Start of DATA SUPPLIED

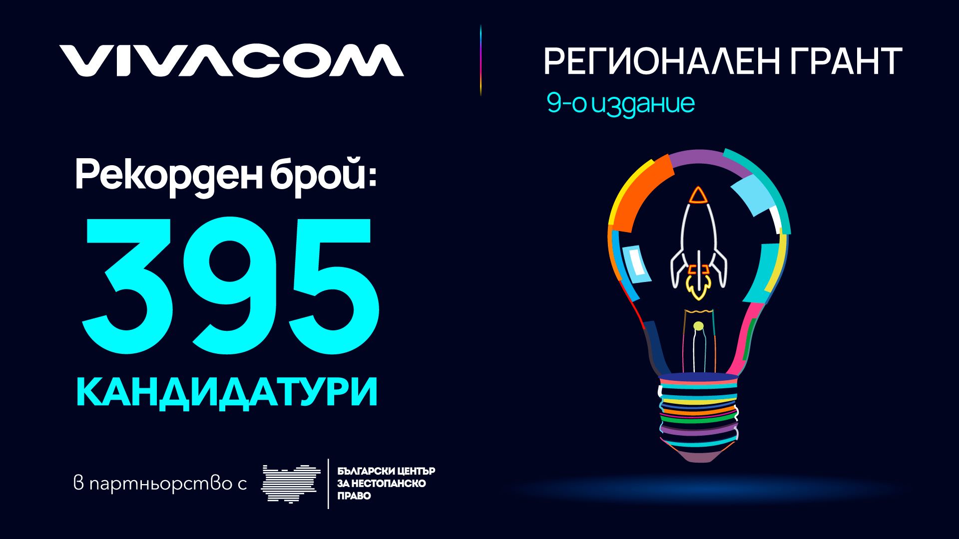 Рекордните 395 кандидатури на граждански организации получи деветото издание на Vivacom Регионален грант. В изцяло обновеното издание телекомът удвои размера на грантовете, увеличи общия фонд на 100 000 лв. и опрости процеса за кандидатстване. Тези новости, заедно с въвеждането на акселераторска програма за финалистите, дадоха възможност на още повече организации да кандидатстват за подкрепа на техните образователни и екологични идеи.
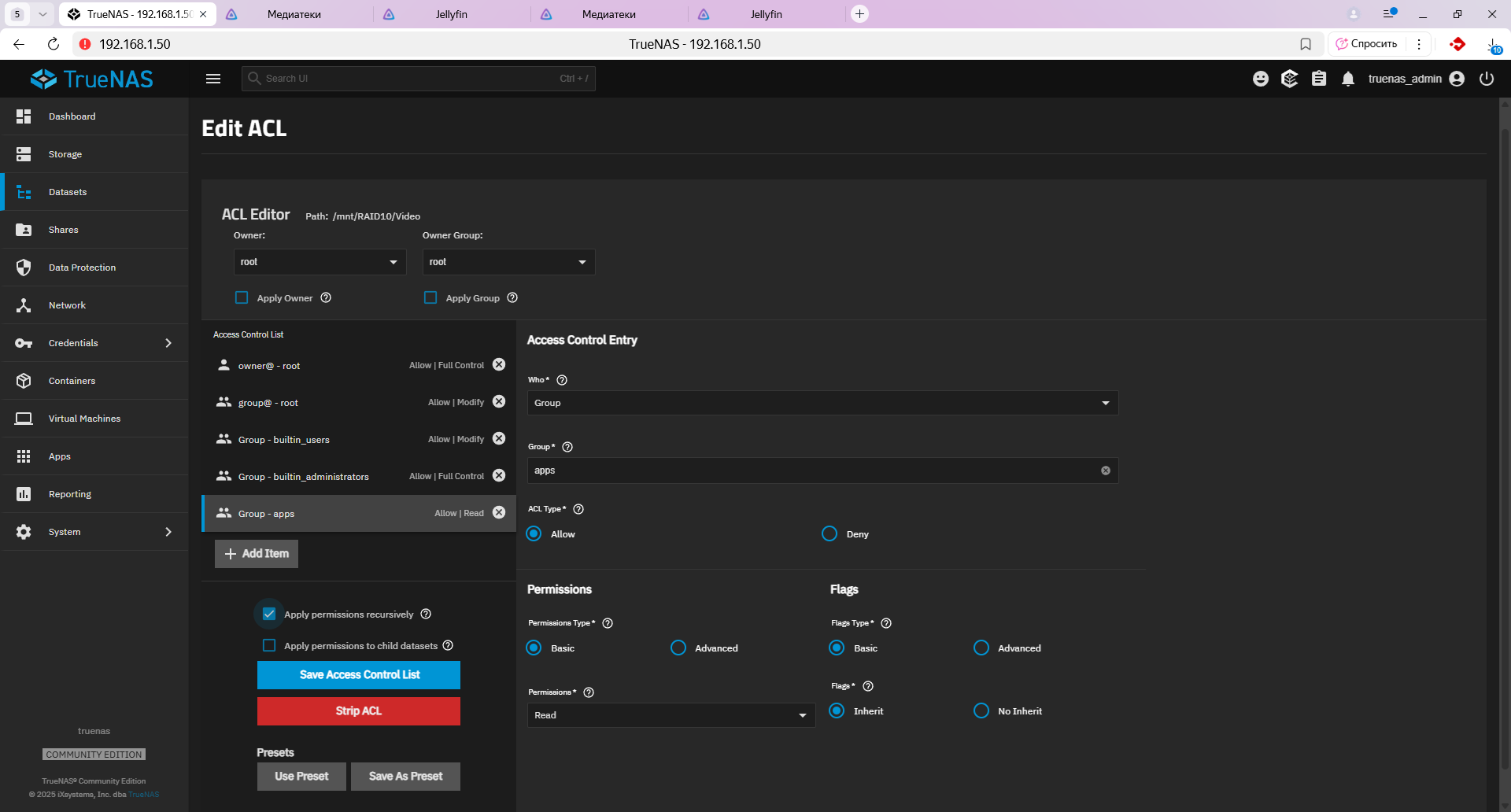 в список доступа добавляем группу apps с правами доступа на чтение. Поскольку в папке уже есть какие-то директории и файлы, ставим галку Apply permissions recursively. Save Access Control List.
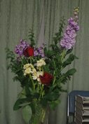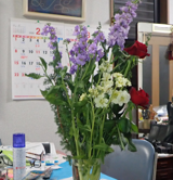 | 2月1日(日) 快晴 だらだらした休日。もう2月。一昨日ゴルフで「1月も終りね。すぐ正月よ!」とメンバーが言っていた。皆笑っていたが、歳とると時間の進みが早いらしい。午後、中央へ2月の空気吸いにカフェに行く。帰りに新装のコンビニへ寄り、許可を得てスタンドの花を貰ってきた。萎れたバラを水折りで再生させ見事な生け花にした。 |
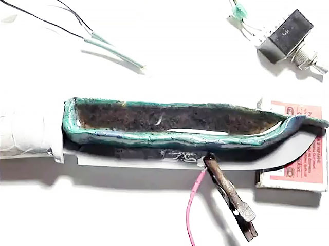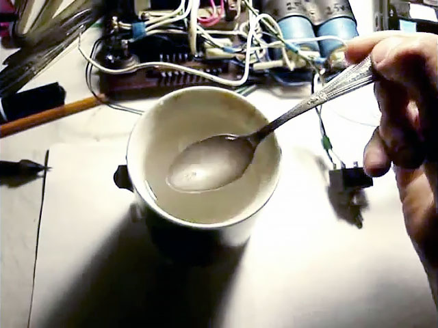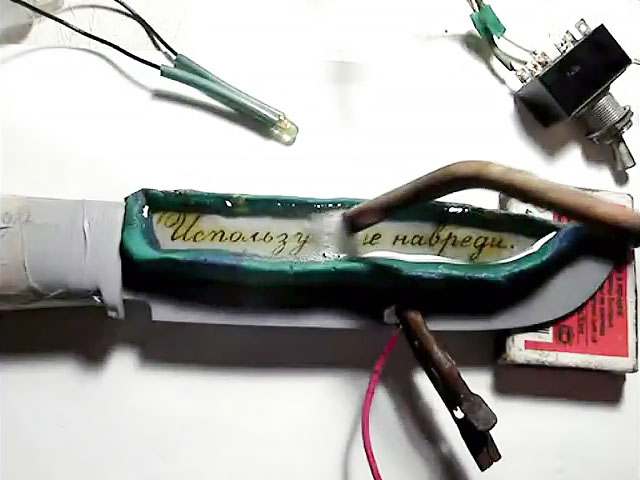К зачищенному месту на клинке присоединяется плюсовой провод от источника питания. После этого пластилиновая ванна заполняется солевым раствором на высоту 3-4 мм.
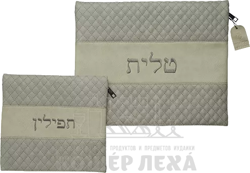 Комплект для талита и тфилина кожаный серый с бежевой полосой - ru.kosherlekha.co.il
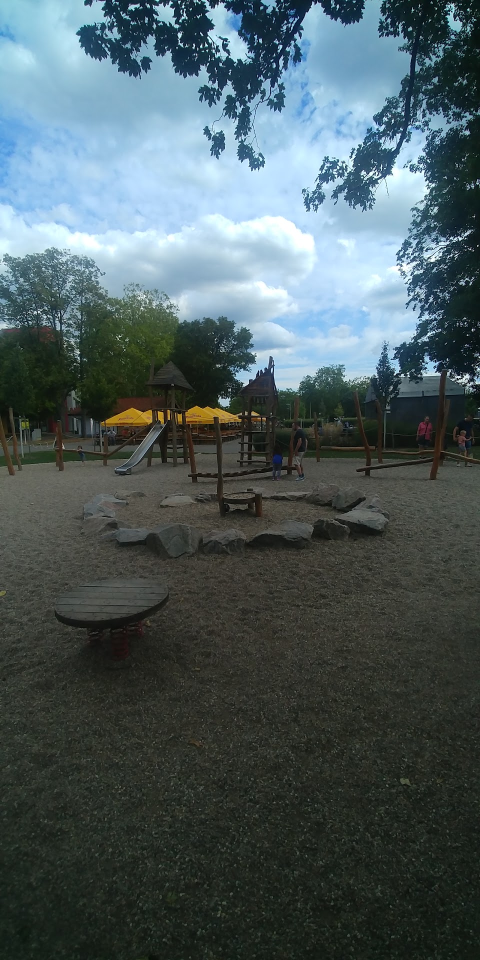 There is A park with plenty to climb for children and adults. There's a whole exercise route, then nearby is the little cafe that has a simple menu, tonight there was live music and a bouncy house. We had bratwurst, gyros, ale......

End of DATA SUPPLIED

— TASK ITEM —
Nothing is needed beyond an exact transcription of the lines from the one containing "Комплект для талита" to the end of the entries above, with the pictures omitted.

— TASK RESPONSE —
 Комплект для талита и тфилина кожаный серый с бежевой полосой - ru.kosherlekha.co.il
 There is A park with plenty to climb for children and adults. There's a whole exercise route, then nearby is the little cafe that has a simple menu, tonight there was live music and a bouncy house. We had bratwurst, gyros, ale......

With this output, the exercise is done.